Wat is een stroomcurve?
Twee typen grafieken kunnen een stroomcurve worden genoemd, afhankelijk van de toepassing. Eén toepassing ligt op het gebied van vloeistofmechanica, waar een stroomcurve het verband toont tussen de dynamische viscositeit en de afschuifsnelheid van een vloeistof. Stroomkrommen kunnen ook worden toegepast op pompen, in welk geval ze de relatie illustreren tussen het volumetrische debiet van de pomp en de pompkop.
In vloeistofmechanica meet dynamische viscositeit - ook wel absolute viscositeit genoemd - de weerstand van een vloeistof tegen stroming. Met andere woorden, dynamische viscositeit geeft de hoeveelheid kracht aan die nodig is om de vloeistof te verplaatsen. Afschuiving is de druk die wordt ervaren door een vloeistof als gevolg van krachten die parallel zijn aan de stroomrichting - voornamelijk de krachten die worden uitgeoefend door de wanden van een pijp of kanaal. De afschuifsnelheid is recht evenredig met de snelheid van de vloeistof, want hoe sneller het stroomt, hoe meer afschuiving het ervaart.

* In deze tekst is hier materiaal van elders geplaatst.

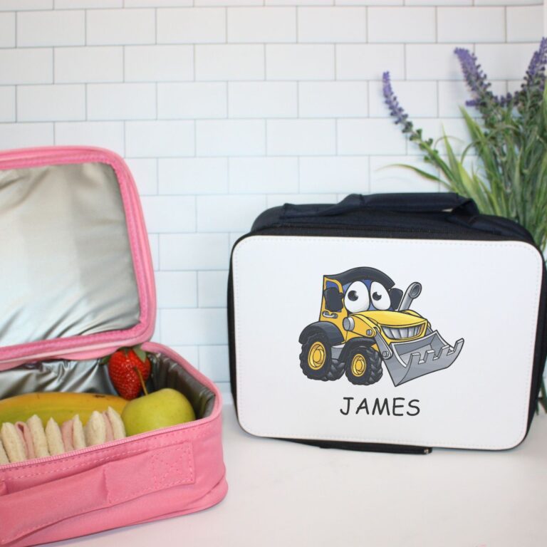 Personalised Yellow Digger Lunch Bag | Kids Insulated Lunch Bag | Lunch Bag

Op een vloeistofstroomcurve wordt de dynamische viscositeit uitgezet op de y-as en de afschuifsnelheid wordt uitgezet op de x-as. De resulterende curve toont de relatie tussen deze twee vloeistofeigenschappen. Voor een Newtoniaanse vloeistof, waarbij de dynamische viscositeit onafhankelijk is van de afschuifsnelheid, is de stroomcurve een rechte lijn en is de helling van de lijn de dynamische viscositeit. Niet-Newtoniaanse vloeistoffen gedragen zich echter anders en hun stroomkrommen zijn over het algemeen gebogen lijnen met verschillende vormen. Sommige vloeistoffen zijn zelfs tijdsafhankelijk, wat betekent dat ze geheugen hebben dat de vorm van de curve beïnvloedt.

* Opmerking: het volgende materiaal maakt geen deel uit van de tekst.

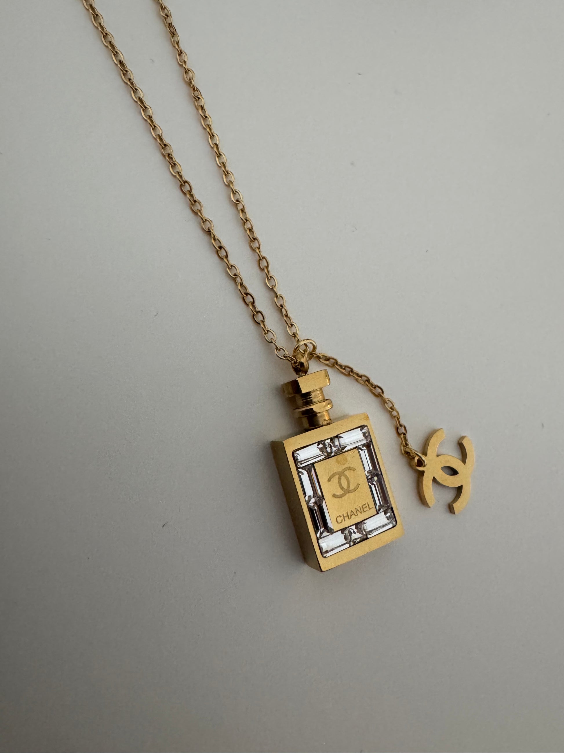Kette mit Parfüm Flacon 18k Edelstahl graviert mit CC Anhänger

Pompdebiet wordt uitgezet op de x-as van een pompstroomcurve, ook wel systeemcurve genoemd, en pompkop wordt uitgezet op de y-as. Pompkop is een term die wordt gebruikt om het drukverlies in een pomp te beschrijven. Het is een combinatie van de elevatie of statische kop, wat het hoogteverschil is tussen de inlaat en uitlaat van de pomp, en het kopverlies in het systeem, wat voornamelijk te wijten is aan wrijving in de buizen en fittingen. Hoewel het hoofd een eenheid van druk is, wordt het meestal gemeten in voet of meter - hoe verder het water moet reizen, hoe meer druk verloren gaat.

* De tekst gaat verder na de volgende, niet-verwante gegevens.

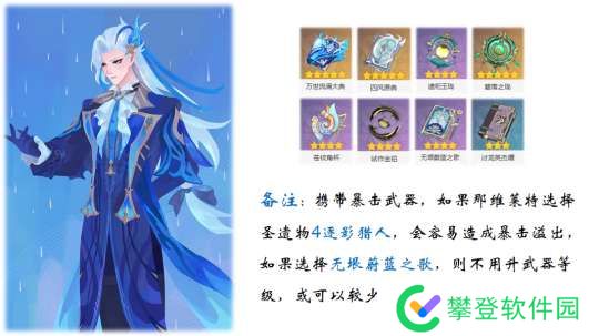 通常情况下,那维莱特会选择4逐影猎人。但如果旅行者的那维莱特暴击率非常高,达到80%以上,可以考虑使用4乐团或4沉沦圣遗物。而4逆飞的流星适用于0命那维莱特、携带护盾、暴击率过高三个条件同时满足的情况下,并不适用于大多数旅行者拥有的圣遗物和条件。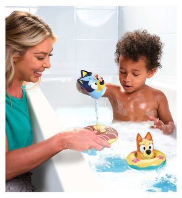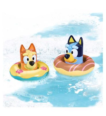 A Bluey y a su hermanita Bingo les encanta dar vueltas en la bañera o en la piscina infantil. ¡Además, sus anillos están decorados para que parezcan algunos de sus objetos favoritos! Un flotador parece un donut y el otro está cubierto de flores. Cada uno es un juguete de baño dos en uno con uno de sus personajes favoritos sentado encima. Simplemente levanta a Bluey y a Bingo y sumérgelos en las olas para que se llenen de agua. Luego, gira cada cabeza y vierte agua como si estuvieras sirviendo una taza de té, o rocía por los pequeños agujeros para un efecto de ducha. Debajo, en el centro de cada anillo, hay una rueda de paletas que gira al vaciar los vertedores y aspersores. Este producto de Toomies para preescolares, una adición a la gama Bluey, ayudará a desarrollar la confianza en el agua, la motricidad fina y demostrará la relación entre causa y efecto. Escurre completamente después de usar y deja secar al aire. Limpia con solución o toallitas antibacterianas. No necesita pilas. Apto para niños a partir de 18 meses.

De pompstroomcurve kan worden gebruikt om de optimale bedrijfsomstandigheden voor een pomp te bepalen. Als de gebruiker het debiet weet dat hij nodig heeft, kan hij het opvoerverlies voor dat debiet vinden met behulp van de systeemcurve. Door de systeemcurve te overlappen met een prestatiecurve, die de prestaties voor pompen van verschillende groottes laat zien, kan de gebruiker de pomp met de optimale grootte vinden voor zijn of haar systeemvereisten.